用途に応じて最適なアーカイブ形式は変わります。一般的な傾向としては次の通りです。

  • ZIP:汎用性が高く、多くのOSに標準対応していますが、圧縮率はRARや7zに劣ることが多いです。
  • RAR:高い圧縮率、分割・リカバリ機能、使いやすいGUI(WinRAR)が強み。商用の独自フォーマットであるため、完全な互換性やオープン性を重視する場面では注意が必要です。
  • 7z:LZMA/LZMA2などの高圧縮アルゴリズムを用い、しばしばRARより圧縮率が良い場合があります。オープン形式である点が評価されますが、解凍の汎用性はZIPに及びません。

法的・ライセンスのポイント

WinRAR自体はシェアウェアとして配布されており、試用期間の表示はあるものの、多くの環境で長期にわたり利用されています。
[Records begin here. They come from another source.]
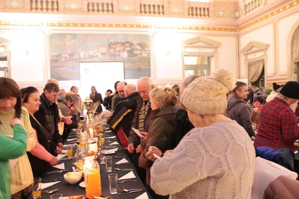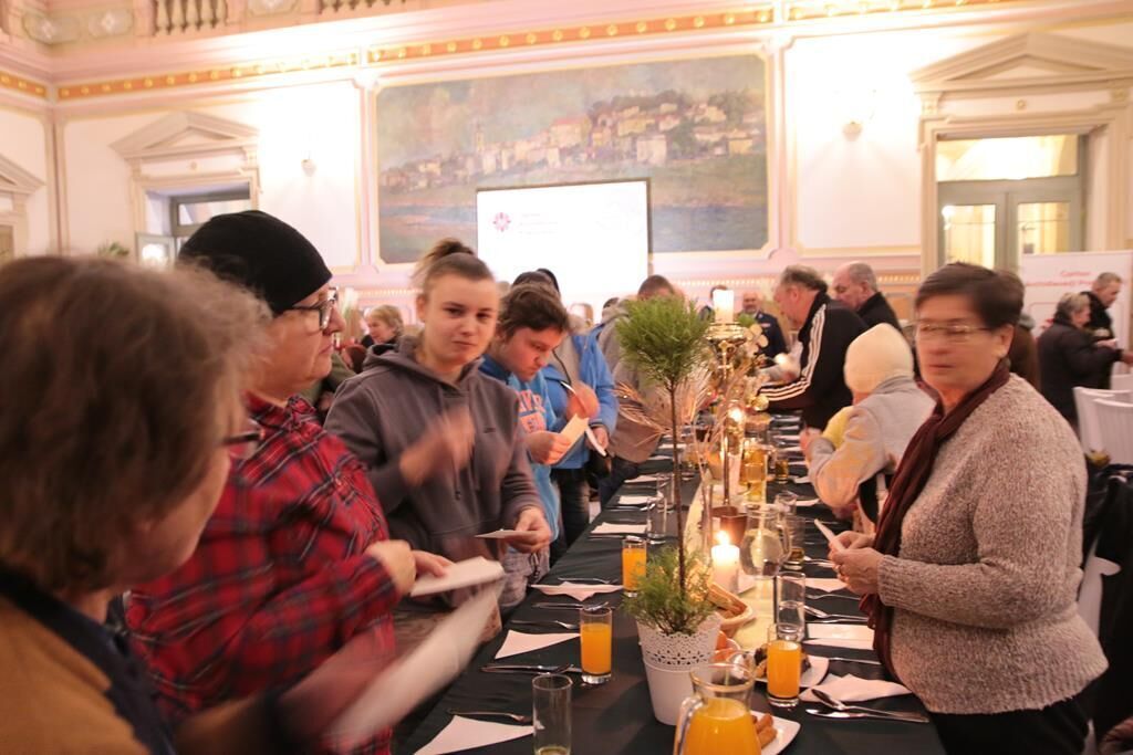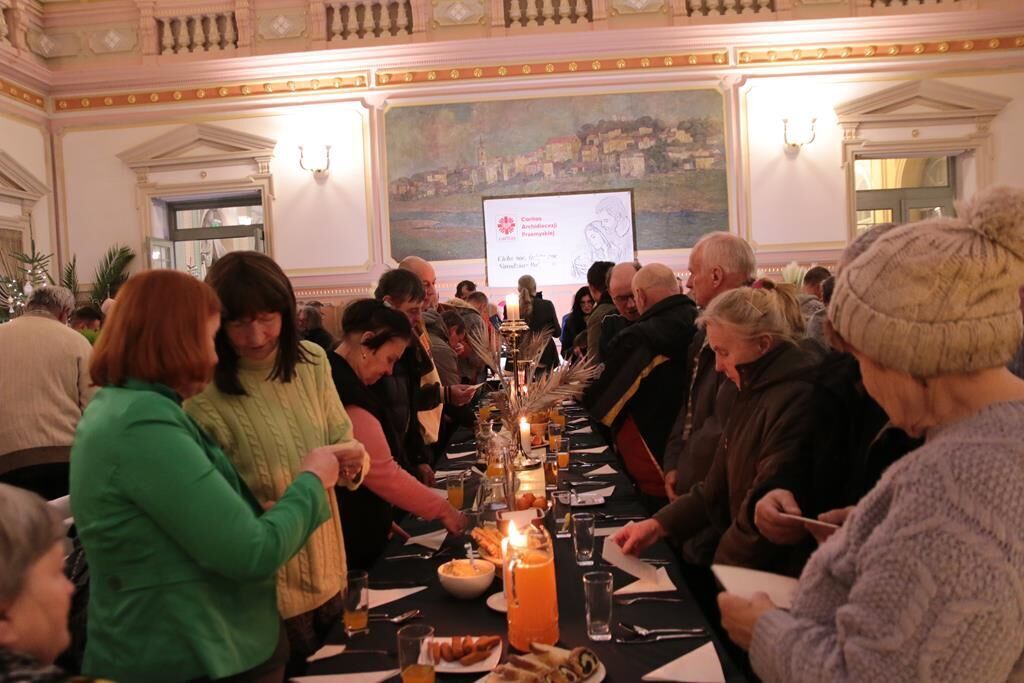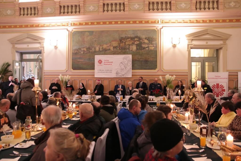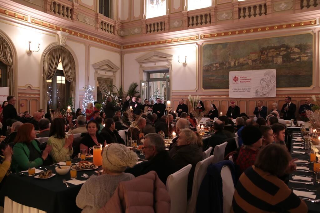 Po modlitwie i życzeniach wszyscy zasiedli do stołów. Dla potrzebujących przygotowano typowe potrawy wigilijne: barszcz z uszkami, pierogi, kapustę z grochem, rybę oraz słodkości. W spotkaniu w Przemyślu wzięło udział około 300 osób. Każdy uczestnik spotkania otrzymał także paczkę żywnościową. Łącznie w ostatnich dniach przemyska Caritas przekazała dla potrzebujących na terenie naszej archidiecezji 2000 paczek z żywnością długoterminową.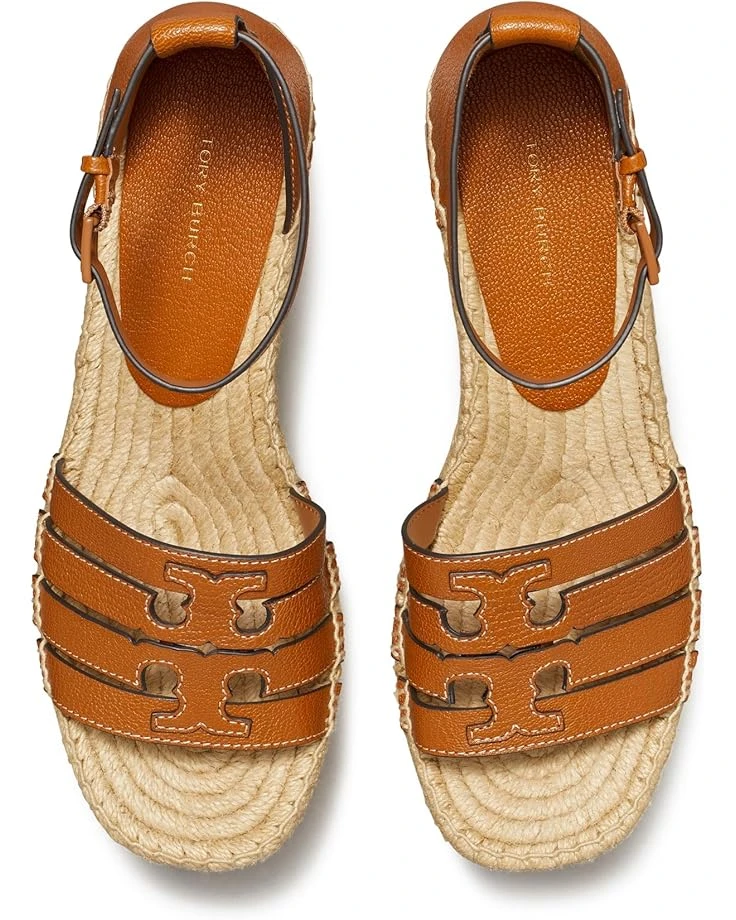 - Leave everyone marvelously astonished as you wear the Tory Burch® 80 mm Ines Cage Wedge Espadrille Sandals. The footwear features leather upper and lining construction with espadrille wedge heels and buckled ankle strap closure.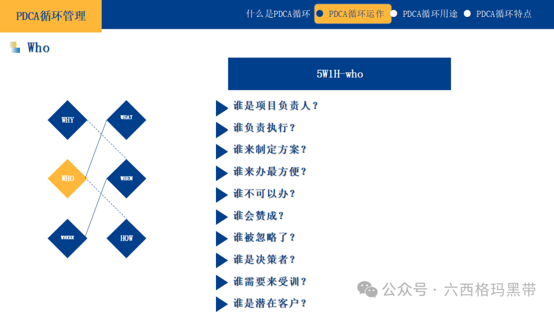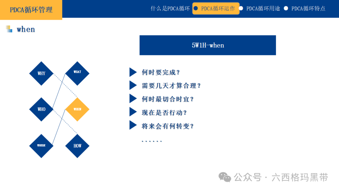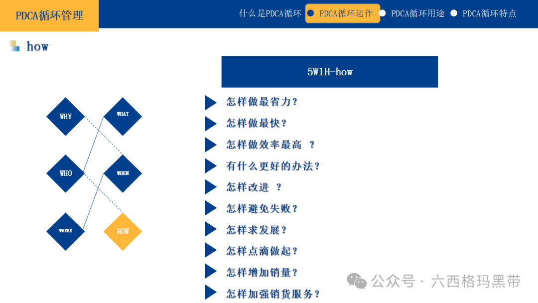 对于改善性计划,可以结合鱼骨图法(因果图法)来进一步分析问题的根源,并制定相应的改善措施。 实施方案及时间计划中的实施方案应具有可操作性和连贯性。可以将大计划分解为若干个小计划或阶段性目标,但每个小计划之间应有逻辑上的联系,共同支撑大计划的实现。同时,应明确每个阶段的时间安排,确保计划能够按时完成。 应有数据可衡量及成果评估计划应包含可量化的指标和成果评估方法。这不仅能够帮助我们在执行过程中跟踪进度,还能在计划结束后对成果进行客观评价。数据化的管理是现代企业管理的重要趋势,它能够使管理更加精准、高效。 思考方法5W1H法5W1H法是一种基本的思考问题和解决问题的方法,它涵盖了问题解决的六个关键方面: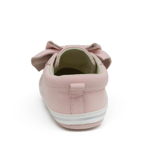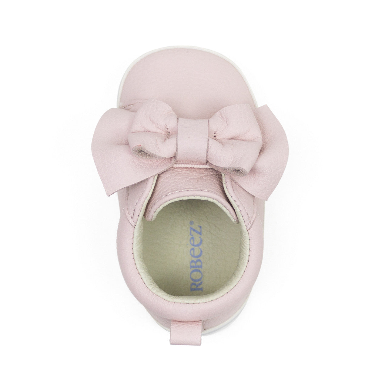 Get your little one stepping in style with these light pink toddler shoes. Made with high-quality genuine leather and soft, suede soles, these baby girl dress shoes offer the ultimate comfort and style. Each pair features a stylish structured design with a big pink leather bow at the top. A white leather strip runs along the heel that adds a little touch of chic.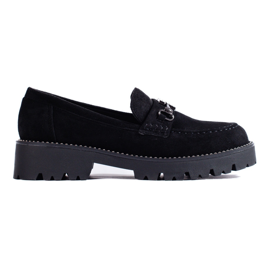 Detalhes: Mocassins femininos de camurça com sola grossa Shelovet preta preto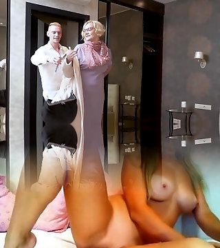Blonde grandmother with good-sized glasses getting shagged by the rich dude

一方、RARフォーマットの解凍ライブラリ(unrar)はソースが公開されているものの、ライセンスには再利用や改変に関する制約がある場合があります。業務で組み込む場合は、各ライブラリやツールのライセンスを必ず確認してください。

実務的な運用例とベストプラクティス

  • 配布ファイル:複数ファイルをまとめて配布する際は、受け手の環境(RAR5に対応しているか)を確認する。互換性確保のために旧フォーマットでパッケージすることも検討する。
  • バックアップ:重要データのバックアップに使う場合、リカバリレコードを付け、パスワード付きで暗号化する。さらにバックアップの検証(リストアのテスト)を定期的に行うこと。
  • 社内ルール:受信したRARの取り扱いガイドライン(ウイルススキャン、SFXのブロック、パスワード管理)を整備する。

まとめ

RARは柔軟で機能豊富なアーカイブ形式です。高い圧縮率や分割・リカバリ・暗号化といった機能は多くの場面で有用ですが、互換性やライセンス、セキュリティの観点にも注意が必要です。実務で使う際は受け手環境の確認、暗号化とパスワード管理、そして不審なファイルに対する慎重な姿勢を保つことが重要です。